16:03 von rossundreiter

«Dennoch hat die friedliche Form dieser "Incel"-Bewegung durchaus einen Punkt:
Die meisten Männer haben (hormonell bedingt) nun einmal ein größeres sexuelles Bedürfnis als die meisten Frauen (welches in der Konsequenz natürlich nicht befriedigt wird).
Männer leben also (im Gegensatz zu Frauen) oft sexuell unerfüllt.»

Frauen haben unter den herrschenden Moralvorstellungen der großen monotheistischen Religionen keine eigenen sexuellen Bedürfnisse zu haben ("herrschenden" !).

Bei vielen "Naturvölkern", die ohne religiös motivierte Sexualmoral "auskommen", sieht das ganz anders aus, und entspricht auch viel eher dem Sexual-, Nähe- und Wärmebedürfnis, das bei beiden Geschlechtern gleichermaßen ausgeprägt ist.

Die "friedlichen männl. Incels" mögen sich über ihren mangelnden Erfolg bei Frauen austauschen, und über die möglichen Ursachen dafür nachsinnen.

Eine größere Libido als die von Frauen ist es nicht.
Wohl eher die männliche Unfähigkeit, sich gleichberechtigt Frauen anzunähern.

17:02 von StöRschall

«Eine Welt in der nur Männer leben würden, wäre bald menschenleer, selbst wenn Männer Kinder austragen könnten.»

Eine solche Welt wäre definitiv nicht "bald menschenleer".

Unter der von Ihnen angenommenen Prämisse würde sie weiterhin von denjenigen Männern bevölkert, die ohne Gewalt, Unterdrückung und Drangsalierung gegenüber ihren Mitmenschen Kinder liebevoll großziehen.

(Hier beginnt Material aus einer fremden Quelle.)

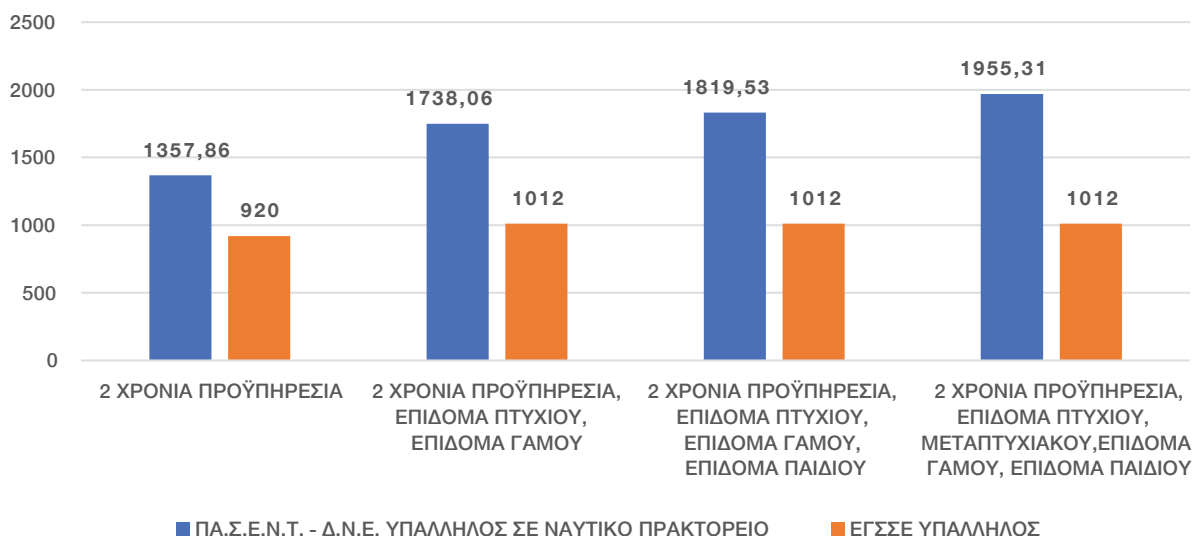
ΣΥΓΚΡΙΣΗ ΣΣΕ ΥΠΑΛΛΗΛΩΝ ΣΕ ΝΑΥΤΙΚΑ ΠΡΑΚΤΟΡΕΙΑ (ΠΑ.Σ.Ε.Ν.Τ. - Δ.Ν.Ε.) & ΕΘΝΙΚΗ ΓΕΝΙΚΗ ΣΣΕ (ΕΓΣΣΕ)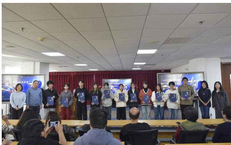
两校教师馆员代表为“知识的守护者”社团 2024 级学生馆员负责人颁发聘期聘书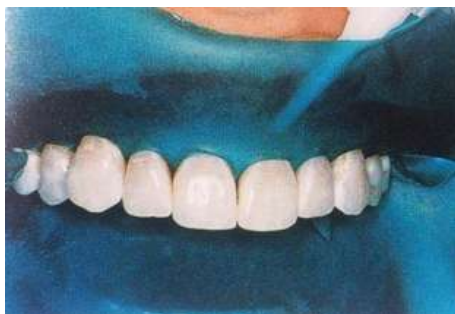
Slika 8. Izolirano radno polje pomoću koferdama i zaštitnog sredstva.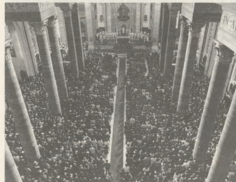
Missa em ação de graças pela beatificação do Fundador do Opus Dei, celebrada por Sua Excia. Revma. D. Álvaro del Portillo na Basílica de Santo Eugênio, a 21 de maio de 1992.

cartas de felicitação – de membros da hierarquia eclesial, de sacerdotes, de comunidades religiosas, de fiéis comuns –, reveladoras da convicção de que a elevação aos altares do Fundador do Opus Dei foi um dom providencial para toda a Igreja. Durante os dois anos decorridos desde então, multiplicou-se a difusão da mensagem de santidade do Bem-aventurado Josemaría Escrivá e a atenção despertada pe-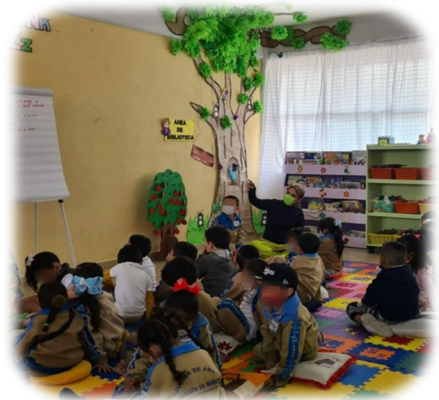
Imagen 2. Aplicación de la estrategia de "Recomendaciones".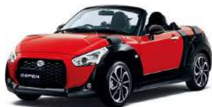
Photo: XPLAY 3, 7速スーパーアクティブシフトH CVT車, ブラックインテリアバック, 16インチアルミホイール (XPLAY専用デザイン) 装着車。 BDS装着車 (16インチアルミホイール) 装着車 (メーカーオプション ¥202,400円 (消費税別)) 装着車。

Und das wäre die große Mehrheit der auch in einer zwei-geschlechtlichen Welt lebenden Männer.

Ich will & werde gerade Männer-Gewalt gegenüber Frauen ganz sicher nicht verharmlosen und in ihrer Anzahl klein reden (schon gar nicht sexuell motivierte).

Männer, die wie der Toronto-Attentäter ihre eigene (sexuelle) "Erfolglosigkeit" bei Frauen diesen "anlasten", sind schwer gestörte "Würstchen", die ein sozialverträgliches Geschlechter-Miteinander wegen der eigenen Minderbemittelung "einfach nicht auf die Reihe kriegen".

Das ist aber die Minderheit.
Eine "Nur-Männer-Menscheit mit Fortpflanzung" stirbt nicht aus.